DATA RECORDS:

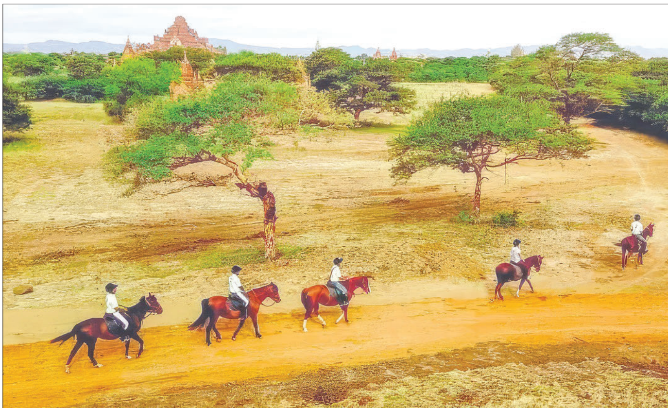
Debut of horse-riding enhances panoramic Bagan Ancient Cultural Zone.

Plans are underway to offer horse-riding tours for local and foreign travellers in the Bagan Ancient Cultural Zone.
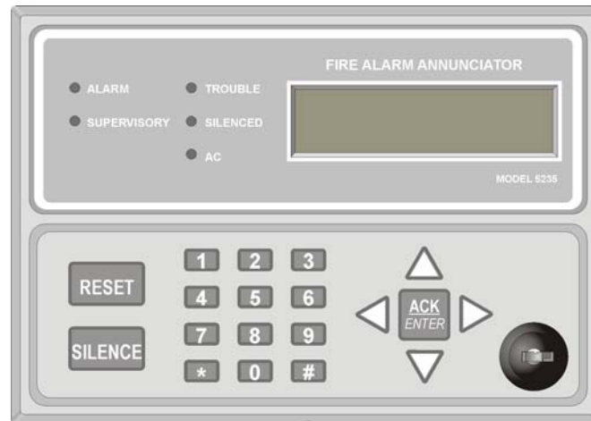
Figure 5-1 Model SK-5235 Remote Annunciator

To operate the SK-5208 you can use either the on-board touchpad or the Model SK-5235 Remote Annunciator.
...
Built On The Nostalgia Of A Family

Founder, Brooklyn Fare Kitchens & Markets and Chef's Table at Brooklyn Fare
==
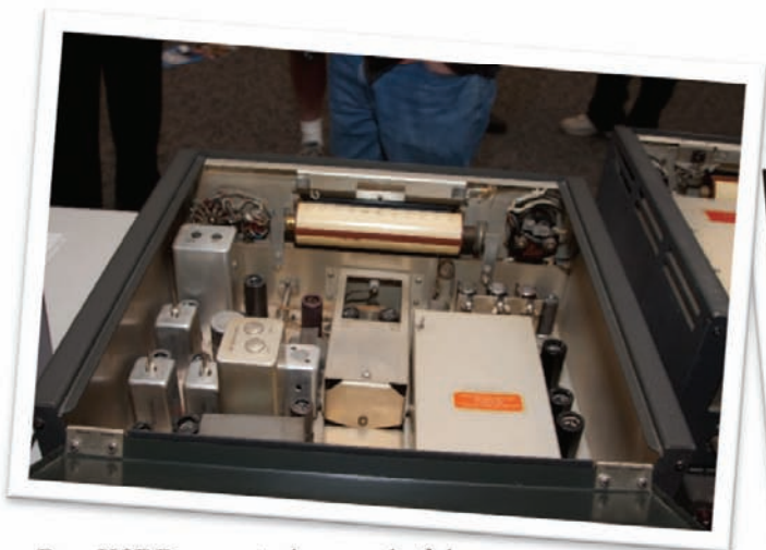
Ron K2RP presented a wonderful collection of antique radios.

PROBLEM DESCRIPTION:
Look through the listing above for the line with "Debut of horse-riding" and the line with "To operate the". Write out exactly those lines and everything between, leaving out pictures.

RESULT OF THIS TASK:
Debut of horse-riding enhances panoramic Bagan Ancient Cultural Zone.

Plans are underway to offer horse-riding tours for local and foreign travellers in the Bagan Ancient Cultural Zone.
Figure 5-1 Model SK-5235 Remote Annunciator

To operate the SK-5208 you can use either the on-board touchpad or the Model SK-5235 Remote Annunciator.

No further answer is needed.